More than a century ago, New York-based hospital and railroad company executive W.V.S. Thorne may not have known how his pioneering work — considered innovative near the beginning of the 20th century — would launch, mold and shape what would become the healthcare group purchasing industry.
Thorne’s blueprint for “cooperative buying,” which he presented at a meeting of the Hospital Conference of the City of New York at the Academy of Medicine in April 1909, led to his founding 11 months later the Hospital Bureau of Standards and Supplies Inc., largely regarded as the forerunner to and progenitor of the modern-day group purchasing organization (GPO). Cost to access its contracts? The annual hospital membership fee reportedly came to a whopping $5, today roughly the cost of a mocha frappacino.

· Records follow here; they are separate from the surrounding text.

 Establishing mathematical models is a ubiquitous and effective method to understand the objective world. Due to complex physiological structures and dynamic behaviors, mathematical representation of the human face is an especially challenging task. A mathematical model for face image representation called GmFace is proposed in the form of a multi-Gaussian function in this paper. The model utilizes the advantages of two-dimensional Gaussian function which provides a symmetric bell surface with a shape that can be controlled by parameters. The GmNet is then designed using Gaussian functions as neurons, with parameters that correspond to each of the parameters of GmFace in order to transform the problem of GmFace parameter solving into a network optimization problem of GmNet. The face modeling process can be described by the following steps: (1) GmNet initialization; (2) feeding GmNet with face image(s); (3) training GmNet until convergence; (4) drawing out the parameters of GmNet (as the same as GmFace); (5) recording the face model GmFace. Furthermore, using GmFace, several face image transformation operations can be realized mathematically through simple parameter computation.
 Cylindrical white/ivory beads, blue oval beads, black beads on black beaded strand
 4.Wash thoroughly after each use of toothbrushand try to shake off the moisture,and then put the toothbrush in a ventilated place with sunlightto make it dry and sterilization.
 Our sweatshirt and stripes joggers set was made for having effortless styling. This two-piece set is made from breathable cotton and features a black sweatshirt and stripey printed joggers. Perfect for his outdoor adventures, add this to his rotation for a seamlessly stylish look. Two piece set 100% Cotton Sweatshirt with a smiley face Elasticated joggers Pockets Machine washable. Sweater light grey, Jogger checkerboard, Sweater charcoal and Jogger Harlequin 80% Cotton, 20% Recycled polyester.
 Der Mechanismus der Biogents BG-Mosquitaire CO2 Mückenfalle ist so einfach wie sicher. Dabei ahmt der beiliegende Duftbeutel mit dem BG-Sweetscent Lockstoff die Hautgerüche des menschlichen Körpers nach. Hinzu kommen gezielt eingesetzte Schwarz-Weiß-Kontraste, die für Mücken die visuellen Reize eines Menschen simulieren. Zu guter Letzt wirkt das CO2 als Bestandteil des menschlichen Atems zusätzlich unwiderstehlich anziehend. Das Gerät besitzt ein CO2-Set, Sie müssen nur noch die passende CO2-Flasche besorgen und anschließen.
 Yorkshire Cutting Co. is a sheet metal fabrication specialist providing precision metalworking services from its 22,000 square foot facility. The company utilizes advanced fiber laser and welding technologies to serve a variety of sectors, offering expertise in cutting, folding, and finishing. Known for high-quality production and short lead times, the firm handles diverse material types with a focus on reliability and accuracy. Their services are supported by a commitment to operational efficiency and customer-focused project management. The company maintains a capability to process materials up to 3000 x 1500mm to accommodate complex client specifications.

Ushering in what would become the Golden Age of Group Purchasing, Hospital Bureau spawned a franchise network for local and state hospital associations looking to offer their members cooperative buying services. Hospital Bureau offered its services up and down the East Coast first before expanding westward in the ensuing seven decades. Unfortunately, it faded into the footnotes of healthcare history, supplanted and replaced by more daring and enterprising models arguably focused more on revenue for service than the service itself.
Gilding the Golden Age
For much of group purchasing’s six-decade-long Golden Age, Hospital Bureau set the stage for a scattershot rise of competitors, initially on the local and regional levels, including a number of regional groups centered in major metropolitan areas, such as New York, Cleveland, Philadelphia, Chicago and Los Angeles.
By the 1950s, these “cooperative buying services,” typically appended to local or state hospital associations representing not-for-profit facilities, offered volume-oriented contracting for a host of commodities and supplies. Hospitals gained access to these contracts as an adjunct service offering of their association membership by paying their association a membership fee.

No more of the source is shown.